### [SOURCE MATERIAL]
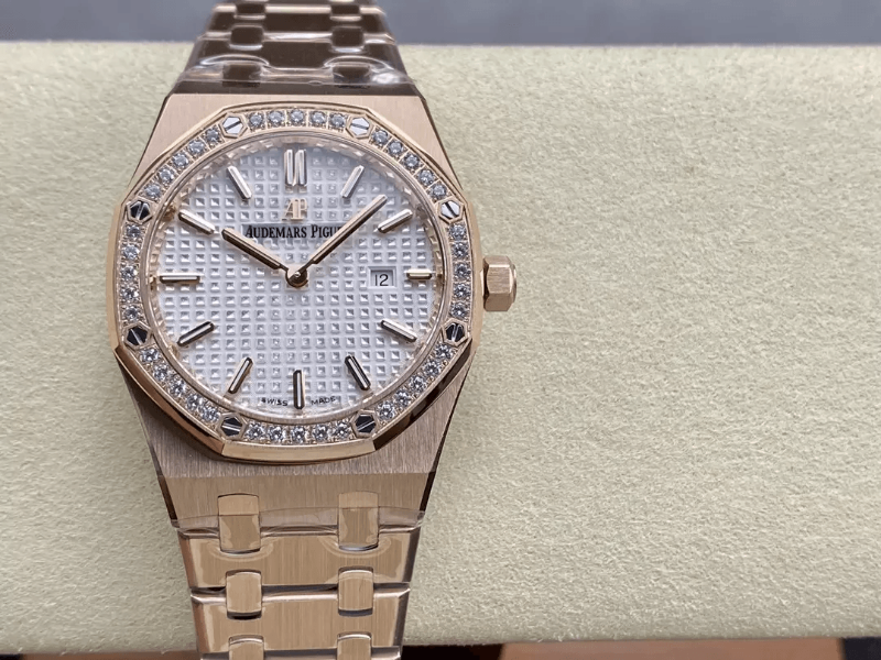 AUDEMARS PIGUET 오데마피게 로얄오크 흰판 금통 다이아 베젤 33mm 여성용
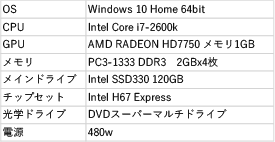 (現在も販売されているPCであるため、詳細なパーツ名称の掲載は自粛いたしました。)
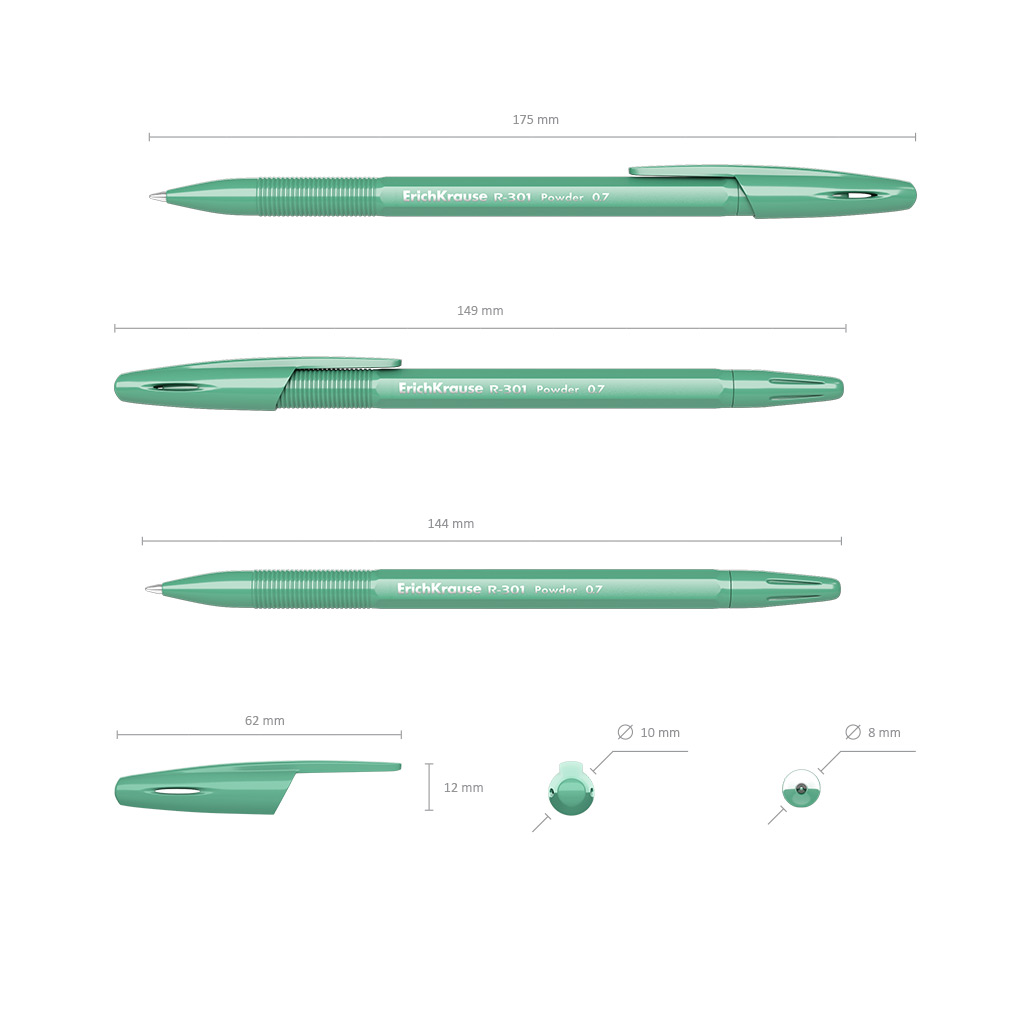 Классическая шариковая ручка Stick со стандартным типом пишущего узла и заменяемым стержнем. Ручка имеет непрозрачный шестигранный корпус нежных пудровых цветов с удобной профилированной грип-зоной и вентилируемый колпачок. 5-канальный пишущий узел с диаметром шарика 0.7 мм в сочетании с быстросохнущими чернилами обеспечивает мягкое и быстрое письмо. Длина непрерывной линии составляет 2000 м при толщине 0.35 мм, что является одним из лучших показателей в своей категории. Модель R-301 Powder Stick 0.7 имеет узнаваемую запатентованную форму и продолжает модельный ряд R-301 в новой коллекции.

### [TASK GOAL]
Extract the run of lines beginning with the line that holds "(現在も販売されているPCで" and ending at the last line of the data, inclusive. Exclude any pictures from the copy.

### [TASK RESPONSE]
 (現在も販売されているPCであるため、詳細なパーツ名称の掲載は自粛いたしました。)
 Классическая шариковая ручка Stick со стандартным типом пишущего узла и заменяемым стержнем. Ручка имеет непрозрачный шестигранный корпус нежных пудровых цветов с удобной профилированной грип-зоной и вентилируемый колпачок. 5-канальный пишущий узел с диаметром шарика 0.7 мм в сочетании с быстросохнущими чернилами обеспечивает мягкое и быстрое письмо. Длина непрерывной линии составляет 2000 м при толщине 0.35 мм, что является одним из лучших показателей в своей категории. Модель R-301 Powder Stick 0.7 имеет узнаваемую запатентованную форму и продолжает модельный ряд R-301 в новой коллекции.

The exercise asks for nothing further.